## TASK INSTRUCTIONS
The output should match, line for line, the records from the line containing "Músicos se juntam para tocar" through the line containing "Wolontariusze Szlachetnej Paczki z Dukli", with every picture left out.

DATA EXCERPTS START

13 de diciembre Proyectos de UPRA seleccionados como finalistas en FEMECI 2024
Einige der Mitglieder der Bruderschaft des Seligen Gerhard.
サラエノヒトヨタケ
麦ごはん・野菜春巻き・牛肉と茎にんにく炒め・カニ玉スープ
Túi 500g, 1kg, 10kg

DATA EXCERPTS END
DATA EXCERPTS START

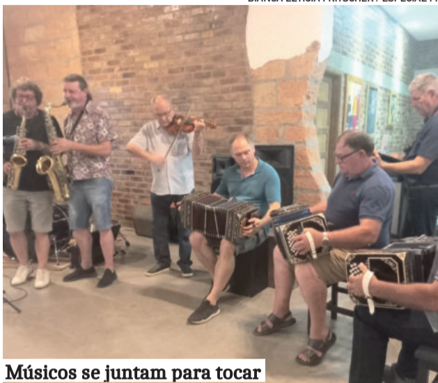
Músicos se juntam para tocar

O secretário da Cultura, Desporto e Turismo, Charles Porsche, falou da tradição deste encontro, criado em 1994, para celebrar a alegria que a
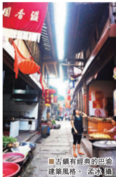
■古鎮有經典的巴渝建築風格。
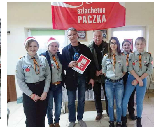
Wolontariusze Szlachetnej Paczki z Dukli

DATA EXCERPTS END
DATA EXCERPTS START

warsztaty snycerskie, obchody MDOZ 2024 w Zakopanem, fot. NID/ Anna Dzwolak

DATA EXCERPTS END

## RESPONSE TO THIS EXERCISE
Músicos se juntam para tocar

O secretário da Cultura, Desporto e Turismo, Charles Porsche, falou da tradição deste encontro, criado em 1994, para celebrar a alegria que a
■古鎮有經典的巴渝建築風格。
Wolontariusze Szlachetnej Paczki z Dukli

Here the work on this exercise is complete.